(Given data begins)

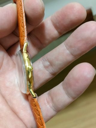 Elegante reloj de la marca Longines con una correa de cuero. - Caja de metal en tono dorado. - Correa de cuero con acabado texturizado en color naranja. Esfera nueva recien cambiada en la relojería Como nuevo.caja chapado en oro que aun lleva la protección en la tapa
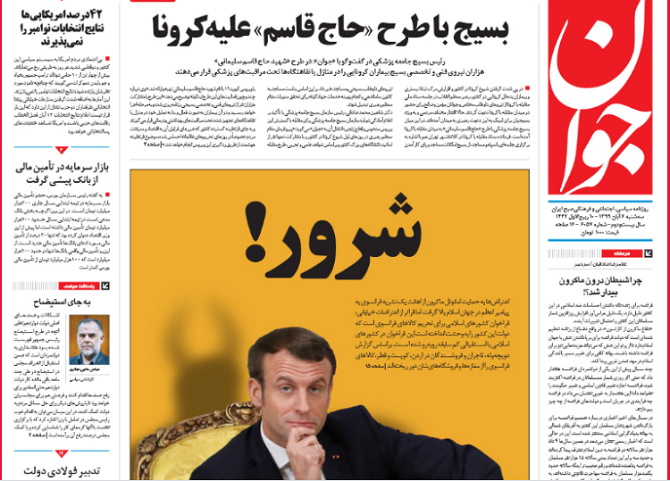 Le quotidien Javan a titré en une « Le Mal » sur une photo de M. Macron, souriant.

(Given data ends)
(Given data begins)

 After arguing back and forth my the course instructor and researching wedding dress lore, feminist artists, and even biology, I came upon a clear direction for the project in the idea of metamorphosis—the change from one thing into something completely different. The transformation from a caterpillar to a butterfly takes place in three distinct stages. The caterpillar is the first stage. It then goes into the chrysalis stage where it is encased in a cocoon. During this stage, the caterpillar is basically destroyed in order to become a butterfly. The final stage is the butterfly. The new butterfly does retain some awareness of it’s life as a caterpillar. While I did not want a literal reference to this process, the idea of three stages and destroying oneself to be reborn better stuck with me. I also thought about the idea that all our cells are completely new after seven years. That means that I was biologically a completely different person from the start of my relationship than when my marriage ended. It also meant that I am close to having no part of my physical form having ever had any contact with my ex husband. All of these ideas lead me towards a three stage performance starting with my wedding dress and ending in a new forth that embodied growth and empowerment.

(Given data ends)

Problem to work on: Word for word, restate the lines above from the one with "Elegante reloj de" through the one with "Le quotidien Javan", keeping both ends and dropping the pictures.

Task answer:
 Elegante reloj de la marca Longines con una correa de cuero. - Caja de metal en tono dorado. - Correa de cuero con acabado texturizado en color naranja. Esfera nueva recien cambiada en la relojería Como nuevo.caja chapado en oro que aun lleva la protección en la tapa
 Le quotidien Javan a titré en une « Le Mal » sur une photo de M. Macron, souriant.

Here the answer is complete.